Images smuggled out of the country showed a Tehran-area morgue packed with hundreds of bodies from Thursday night alone. Based on those images and the hospital report, some analysts fear the death toll could reach into the thousands. As of Jan. 11, a respected human rights group operating amid the communications blackout said it had confirmed 544 deaths.
Is anyone leading the protests?
There is no indication the protests were organized by a single group. As with nationwide demonstrations in 2017, 2019, and 2022, the current unrest appears to have erupted spontaneously in response to government actions. In 2019, for example, it was the rise in gas prices. The absence of formal leadership reflects, in part, the state’s systematic arrest of civil society figures.
As the protests gained momentum, Reza Pahlavi, the son of Iran’s last shah, began posting messages calling for a general uprising. Some demonstrators appeared receptive: the largest gatherings coincided with the times and locations he suggested, and crowds in several cities chanted his name.
Pahlavi, 65, has lived in the United States for most of his life since his father, Mohammad Reza Shah, was deposed during the 1979 Islamic Revolution. In social media messages, he has said he does not seek to restore the monarchy, but wants to serve as a unifying figure during a transition to a secular democracy.
Read more: Iranians Are Protesting. Reza Pahlavi Can’t Save Them
Other prominent dissidents, including Nobel laureate Narges Mohammadi, remain inside Iran as political prisoners.
Who runs Iran now? Could he be abducted, like Venezuela’s Nicolas Maduro?

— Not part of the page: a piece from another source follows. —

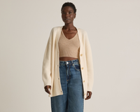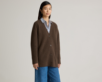 Quince took your favorite Grade-A Mongolian cashmere boyfriend sweater and made it extra. With more of an oversized fit, it’s even roomier than a classic cardigan fit. So comfy cozy with fisherman rib detailing premium coastal vibes. Consider sizing down for a little less volume.
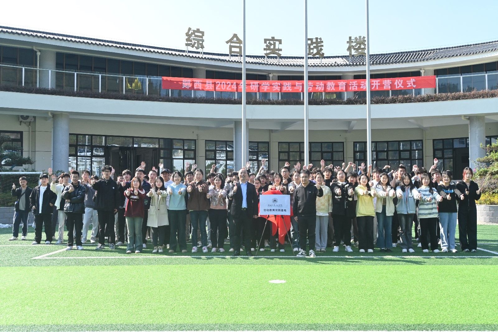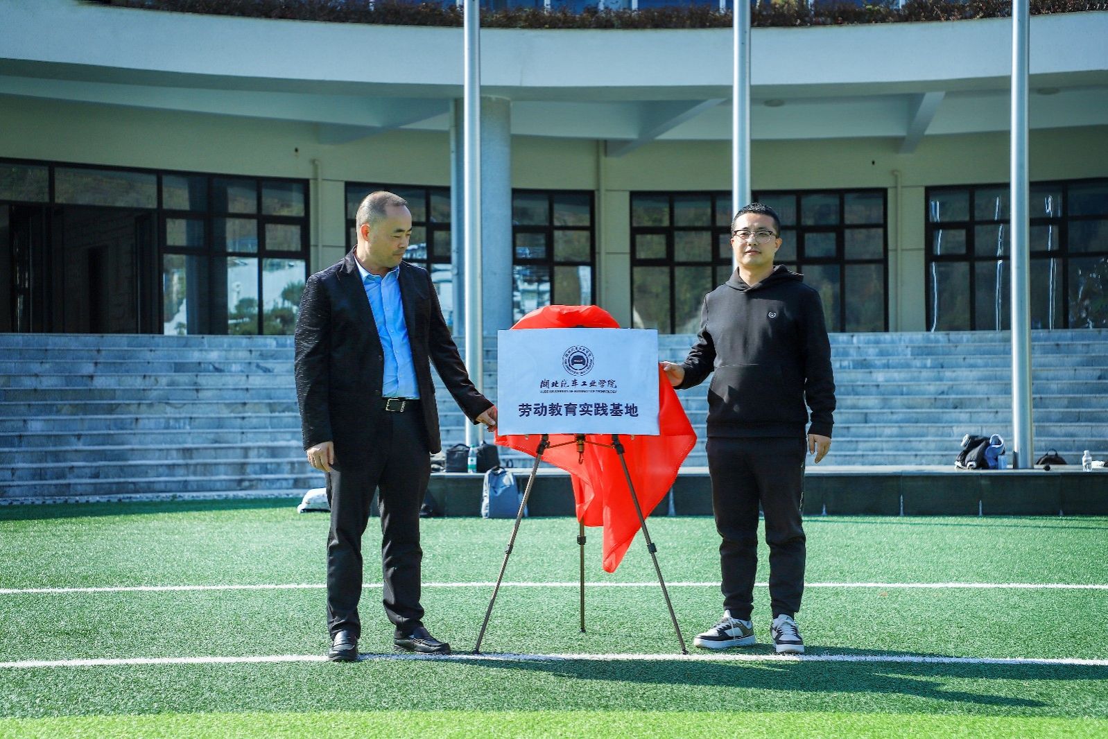 校团委副书记焦建杰与实践基地负责人王成兵共同为英国上市公司365劳动教育实践基地揭牌。

The title carried by Ayatollah Ali Khamenei sums things up pretty neatly: Supreme Leader of the Revolution. Now 86, Khamenei has had the final say on what happens in the Islamic Republic of Iran since being promoted by a panel of fellow clerics in 1989.
Long rumored to be in declining health, he has kept a low profile since the 12-day war, during which Israel’s prime minister said Khamenei could have been targeted but was waved off by Trump. Khamenei is known to live modestly, and sometimes deep underground.
Unlike Venezuela’s former president, Khamenei is not named in U.S. criminal indictments. But according to Justice Department filings in 2024, intelligence units of Iran’s Islamic Revolutionary Guard Corps— which report directly to the Supreme Leader—were involved in plots to assassinate Trump.
Read more: The Danger of the Maduro Model for Iran
Why is the U.S. against Iran?
Before 1979, Iran and the United States were close allies, as was Israel. That relationship ended with the Islamic Revolution, whose leaders defined the new Islamic Republic in opposition to what they saw as Western domination, embodied by the U.S. and its support for the Pahlavi monarchy. American hostility hardened after Iranian students seized the U.S. Embassy in Tehran and held American diplomats hostage for 444 days.
The two countries did made tentative overtures in the late 1990s, when Iranians were electing politicians on promises of greater personal freedom and openness. But Khamenei and fellow conservatives used the powerful levers of clerical rule to derail the Reform movement. Its last gasp was in 2009, when a Reformist president who had clearly won the election was placed under house arrest instead of sworn into office. In protest, hundreds of thousands of Iranians went into the streets and were confronted by security forces with batons and shotguns.